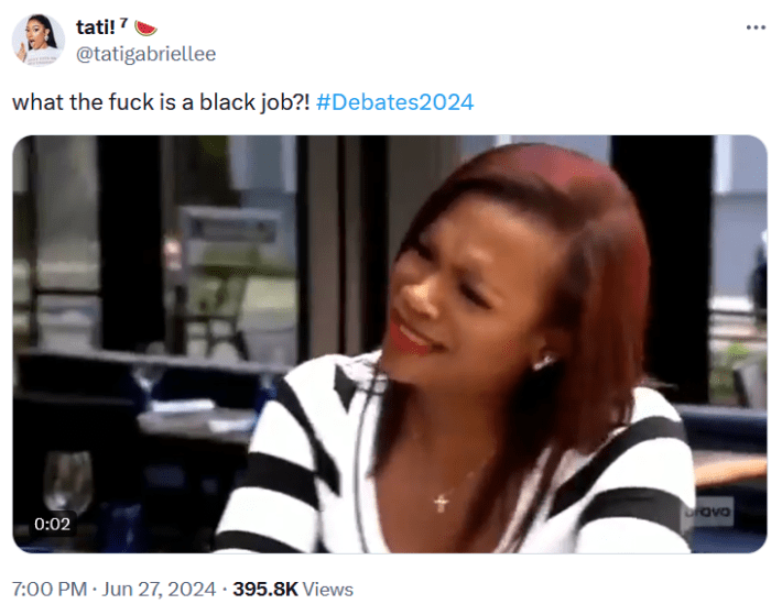 When straight answers to the questions about the meaning of the term “Black jobs” were not forthcoming, Black Twitter did what they do best. Joke tweets using reaction images and funny gifs and videos paired with remarks about Black jobs, including the working and pursuit thereof, proliferated across the platform on debate night and the day after.
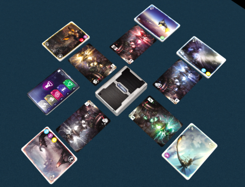 1337 Essen 7 Multiuniversum 1Multiuniversum (à vos souhaits 😉 ) est un petit jeu de cartes à paraître chez Board & Dice mêlant draft et pick up & Delivery.
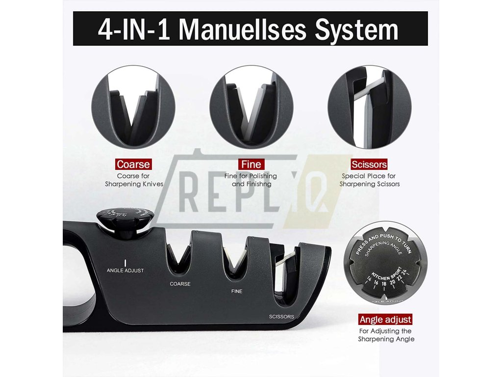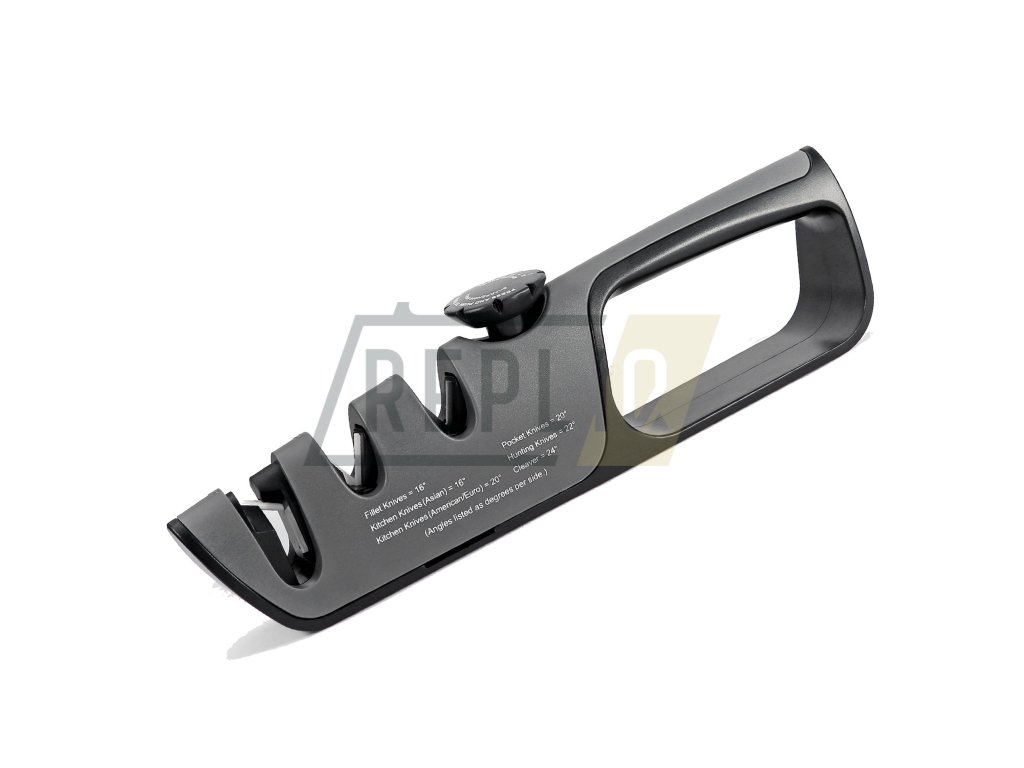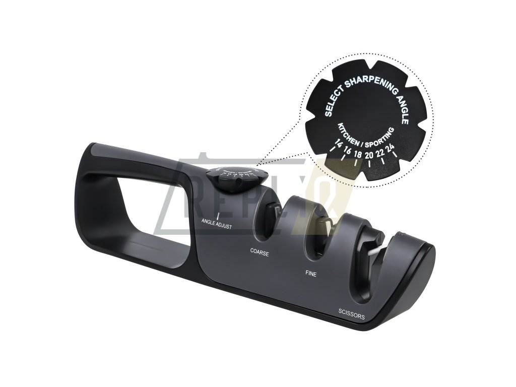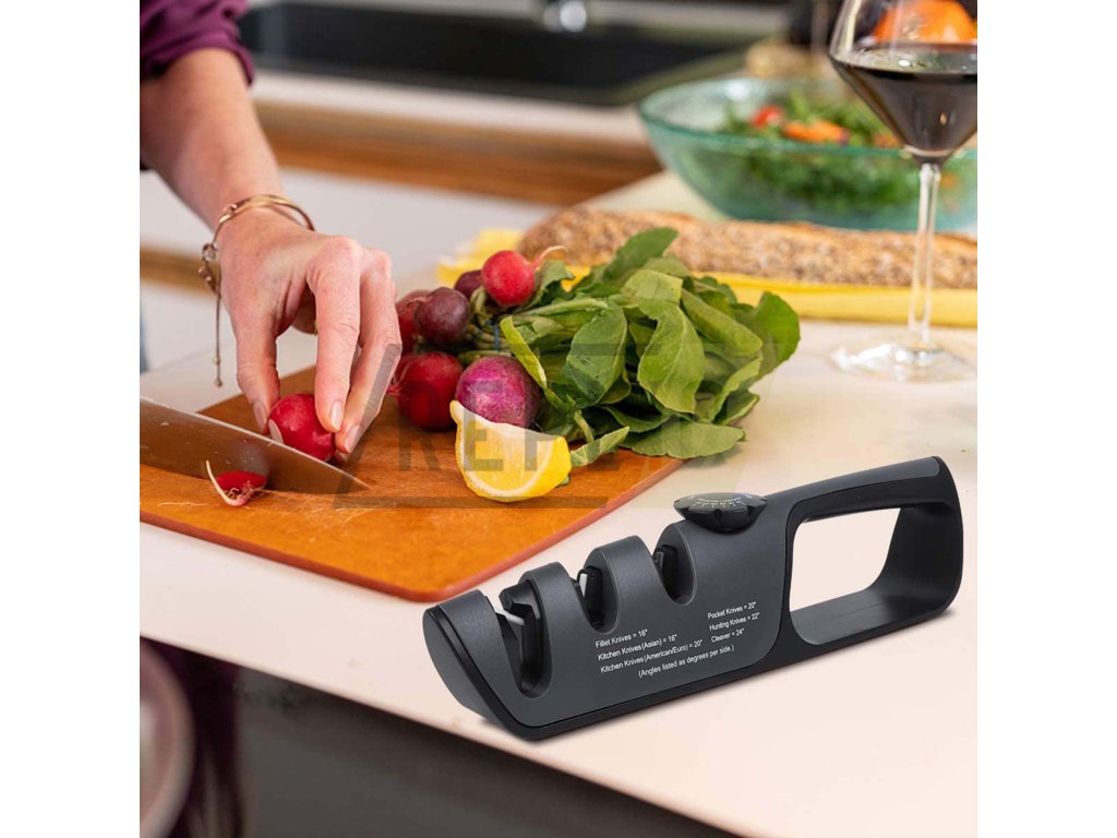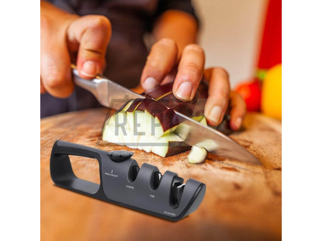 Nejdříve si zvolte požadovaný úhel broušení, toto uděláte nastavením voliče na hřbetu ostřiče. Zarovnejte ostří, toto je důležité u hodně tupých nebo poškozených nožů, nůž vložte do drážky v ostřiči označené COARSE a ve vodorovné poloze protáhněte 2x-6x ostřičem. Poslední krok broušení je dobroušení ostří, doleštění břitu, nůž vložte do V drážky FINE, kde ostří dohladíte, postup protahování je stejný jako při broušení. Pokud tento krok budete v kuchyni používat co nejvíce, budou vaše nože neustále ostré. Po broušení nezapomeňte nůž i ostřič důkladně opláchnout vodou. Pro broušení nůžek použijte největší drážku na konci ostřiče

# Exercise objective
Skipping any images, write out all the data exactly.

# Completed exercise
 When straight answers to the questions about the meaning of the term “Black jobs” were not forthcoming, Black Twitter did what they do best. Joke tweets using reaction images and funny gifs and videos paired with remarks about Black jobs, including the working and pursuit thereof, proliferated across the platform on debate night and the day after.
 1337 Essen 7 Multiuniversum 1Multiuniversum (à vos souhaits 😉 ) est un petit jeu de cartes à paraître chez Board & Dice mêlant draft et pick up & Delivery.
 Nejdříve si zvolte požadovaný úhel broušení, toto uděláte nastavením voliče na hřbetu ostřiče. Zarovnejte ostří, toto je důležité u hodně tupých nebo poškozených nožů, nůž vložte do drážky v ostřiči označené COARSE a ve vodorovné poloze protáhněte 2x-6x ostřičem. Poslední krok broušení je dobroušení ostří, doleštění břitu, nůž vložte do V drážky FINE, kde ostří dohladíte, postup protahování je stejný jako při broušení. Pokud tento krok budete v kuchyni používat co nejvíce, budou vaše nože neustále ostré. Po broušení nezapomeňte nůž i ostřič důkladně opláchnout vodou. Pro broušení nůžek použijte největší drážku na konci ostřiče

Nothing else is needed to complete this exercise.